We are at a stage in our journey where we must wonder if we even wish to continue as a democracy. The cacophonic rejoicing of bigotry tells us otherwise; indifference to, or silent acceptance of, the methodical demolition of our chosen essentials only serves as endorsement of the undoing of what we set out to be. Do we care that the magical tapestry of our nation is being ripped at the seams? It wouldn’t be quite enough to label Narendra Modi a power-intoxicated authoritarian usurping powers, dismantling institutions, and cynically manoeuvring every lever at his command to disable or demolish what comes in his way. He represents a government, we represent the nation that put him there. It is critical to understand the difference.
But do we care? Do we care how shoddily we have been treated through this calamitous crisis? Shuttered by a firman on a four-hour lockdown notice, commanded to clap and dance and light up, left to our devices and harassed and whipped as we tried to cope in ways we could? Do we care about all this while we have been prescribed counterfeit cocktails disguised as magic potions by profiteer thugs?

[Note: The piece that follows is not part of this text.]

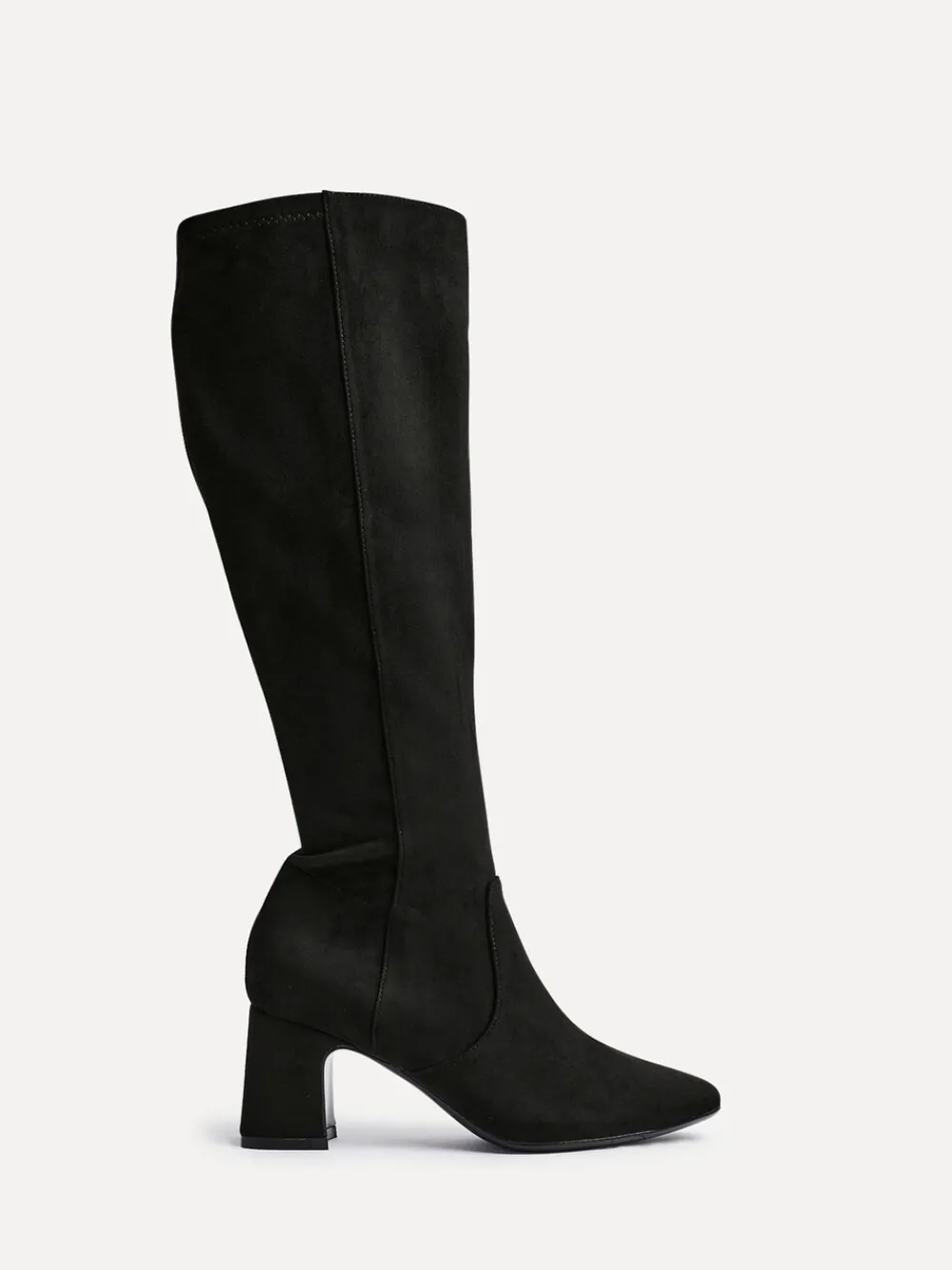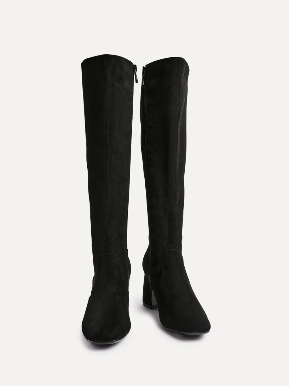 Step in luxury with our Slate knee high boot. Featuring a square toe and full size zip for easy wear. Designed for style and convenience with a block heel and padded insole. Perfect for elevating any outfit. Boot length: 40cm. Hakhoogte 6,5 cm. Bovenwerk – 100% andere vezels, Voering. en sokken – 100% overige vezels. Zool – 100% rubber.
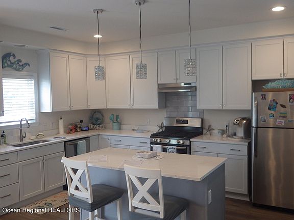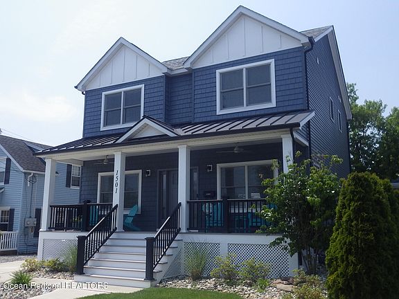 Totally new home completed in June 2021 in the perfect Belmar location: 3 blocks to beach / boardwalk and 3 blocks to town for shopping and restaurants / bars! Great, low traffic location between 15th and 16th Ave. Off street driveway parking for 3 cars. Roughly 2,600 of finished living space (1,920 sqft above grade and 750 sq ft partially finished basement). First floor features open floor plan and 9 foot ceiling heights through living room, dining room, laundry / mud room, and guest bedroom with full bath. Second floor includes primary bedroom with full en-suite bathroom and walk-in closet, two large secondary bedrooms, and full hall bathroom. There is also a finished basement with family room w/bar, a legally permitted large 5th bedroom, full bathroom, and utility / storage room. House also has a full attic for storage accessible by pull down stairs. Exterior features a covered front porch, low maintenance front yard with sprinkler system, concrete driveway, and a nice maintenance free rear yard with raised deck, large paver patio, synthetic turf, storage shed, outdoor shower, and custom landscaping. Smart home controlled HVAC, security system, whole house water water leak detection and automatic shut off, and lawn / landscape sprinklers. Transferable new home warranty.

Do we care that our fellow citizens have been stripped of their rights, shoved into prison and allowed little recourse? Do we care that the writ of habeas corpus has become what may be called two dead letters? Do we care that our justice system has forgotten how to dispense it? Or dispenses it with audacious partisanship? Do we even care, or know, what it means when the eminences of the highest court of the land blithely pronounce they are trying to curtail the use of Article 32, the arch-protector of the fundamental guarantees we gave ourselves? Do we care what atrocity, insult and humiliation we continue to heap on the people of Kashmir whom we call our own, if only because they come under the sweep of our laws and forces?
Does it strike us that some among us have lynched and killed with abandon and been celebrated for the act of murder? Do we understand the bleak contours of the dystopia we have wilfully arrived in? Where love can been deemed an act of war, dissent anti-national, rape a justifiable resort whose evidence is required to be torched under official fiat, and biryani a weapon of mass destruction? Do we understand the meaning of one of our most powerful and popular corporate houses not being able to sustain an advertisement that celebrates inter-faith harmony? Do we even grasp the connotations of our kaleidoscopic demography? It can fall into beauteous patterns, it can also be brought to shatter and cut. It seldom cuts one way; history is proof, and the future a foretelling.
And, by the way, one of the things that answers to the question posed at the top is the Constitution of India; the clues that give the answers away can be read as the paces of getting discarded. Be well warned.